(…) Over the past day and a half, some of the world’s very best and most knowledgeable scientists and most influential leaders in both the public and private sectors have been here telling us about inspiring efforts that are underway to address various challenges of our ocean, and importantly not just defining the challenges but laying out the solutions, the things we know we can do. (…) It’s really a question of, “How do we find the political will? How do we get people to move – to sometimes move back very vested, powerful interests that like the status quo because change means reinvesting or changing the way you do business, even though in the long run it will save everybody a lot of money and a lot of grief?”
(…) Yesterday I underscored the importance of research and science and getting the ocean policy right. That is especially true with respect to acidification. We need to know exactly where something is happening, what is happening, how fast it’s happening before we can actually make a decision about how to slow it down or what to do.
Now obviously more research is going to require more support. That’s why yesterday I announced $640,000 in a grant from the U.S. Government to the International Atomic Energy Agency’s Coordination Center on Acidification in Monaco. That money is part of nearly 2 million that the U.S. Department of State and Energy together will be contributing in order to support the IAEA’s ocean and marine projects.
On top of that, the U.S. National Oceanographic and Atmospheric Administration, NOAA, will be contributing more than $9 million over the next three years to the Global Ocean Acidification Observing Network, so it can better monitor acidification around the world. And these investments will directly improve our understanding of the ocean, which in turn will improve our ability to be able to protect it.

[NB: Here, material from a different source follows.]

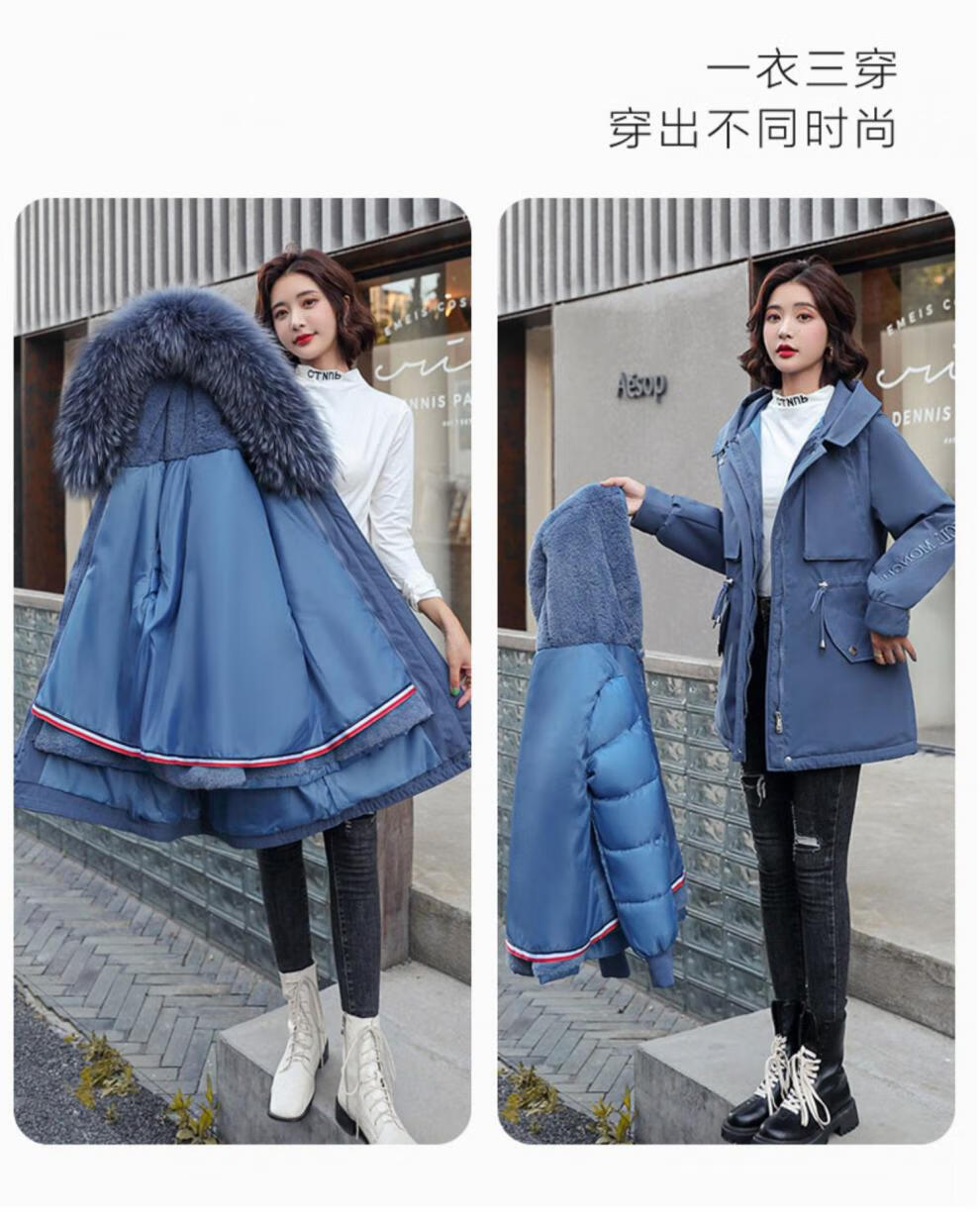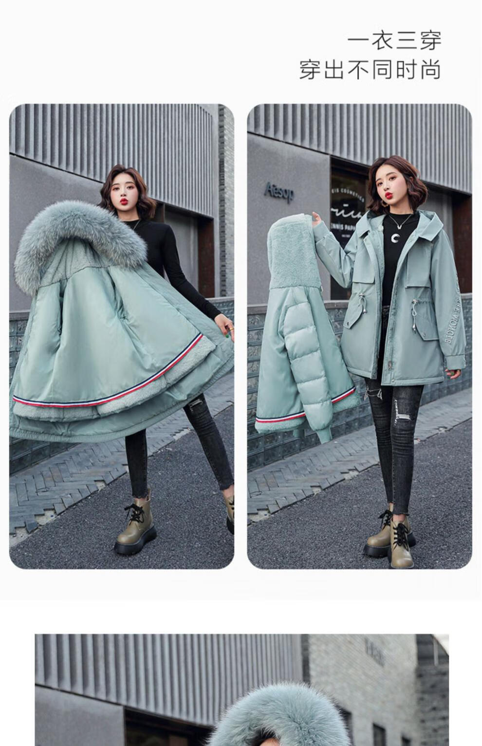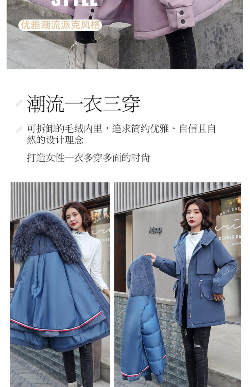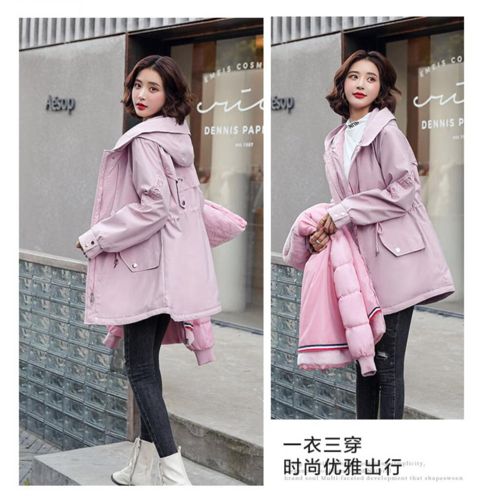 Pierre Cardin Pajama Women's 2025 New Autumn and Winter Small People's Cotton Clothes Detachable Cotton Clothes and Velvet Thickened Jackets 923 Bean Green Detachable Velvet and Thickened Style L 100-115Jin Jin is equal to 0.5 kg

Now that is a return on investment, and I can certainly imagine that all of you would support that kind of basic return on investment. I hope others around the world will contribute in a similar manner. Now that’s just some of what we’re planning to do here in the United States. But as President Obama made clear this morning, we’re really just getting started. I’ve been in this job now for a little over a year. It took us a period of time to plan this, but I hope we build some momentum out of here, and we will have more to announce, I promise you, in the near future.